Was the effigy meant to be a Watcher? Did it stand guard over the island, scaring away other raccoons who wanted to settle here? Did it assert the Stranger’s ownership of his hunting ground? If he owned this insular compost heap, he was hardly a gentleman who cared to have property. But then it occurred to her that the representation wasn’t a deed of title. Like all the little forms she wove with her restless hands and left on the ground, this watchful Somebody was made just for the delight of making it. Getting the space just right between the rounded ears represented by fungi, burnishing the nose, which was a tree root with the soil meticulously rubbed off it. All the right Proportions. The Head was a Making composed out of the life of the island. It was as if the spirit of the place had risen from the twigs and soil and vines where it slept, and thought itself into a Raccoon. I exist, it said. And by fashioning this raccoon form, the maker of the form could also say I exist. Even though he covered all traces of himself, all identifying markers that could say anything further about him than just I exist.
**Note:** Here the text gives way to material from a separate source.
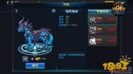 贵为天上瑞兽的麒麟从天而降,成为你的坐骑。在《北凉悍刀行》中,虽然只有马匹可以骑乘,但你可以为它穿上麒麟时装,指挥座下麒麟,威武霸气,纵马千里厮杀,而其属性加成也非常可观,生命+300,物攻+30,法攻+30,物攻转化11%,法攻转化11%,瞬间化为战场杀神!

With that perception, it became clear to her that she had lost his scent at the place where he had left the island and swum west. The Head gazed forlornly in his direction. She sat in the lap of the tree, looking into the night where her Stranger had gone.

19

Three raccoons analysed the problem presented by a chicken coop. Having approached it cautiously from downwind, they lay under a hedge ringing the backyard, listening to the wind gusting through the poplars beside the canal. There was no drooler tied up outdoors, but a scent indicated one was in the house, which meant they would have to take a chicken and get out quickly. The wind held no news of threats.

“We’ve been told that lights may suddenly come on outside a house during a raid,” Sleekfoot said. “Then a Primate will charge out with a bat.”

“Not to mention a drooler,” Lightfinger said.

“We could circle and attack from the north,” Clutch said.

“Our scent would announce us.”

“But we would be less visible and wouldn’t provoke the lights.”

“Perhaps the lights won’t notice us if we attack from here,” Lightfinger said.

Clutch didn’t pursue the question. Really, he wasn’t all that good at tactics. Better at strategy. “Why don’t we think through the attack backwards? Which of us does what in the action? What is our escape route? Wouldn’t those questions help decide our approach?”

“Worth a try,” Sleekfoot said. “The main problem is that we face a hot-tempered rooster who can make one of us lose an eye. He’ll jump up, whip his legs forward, and rip outwards with his spurs.” The older male raccoon was assuming command of the raid.

“That does present a certain complexity,” Clutch said.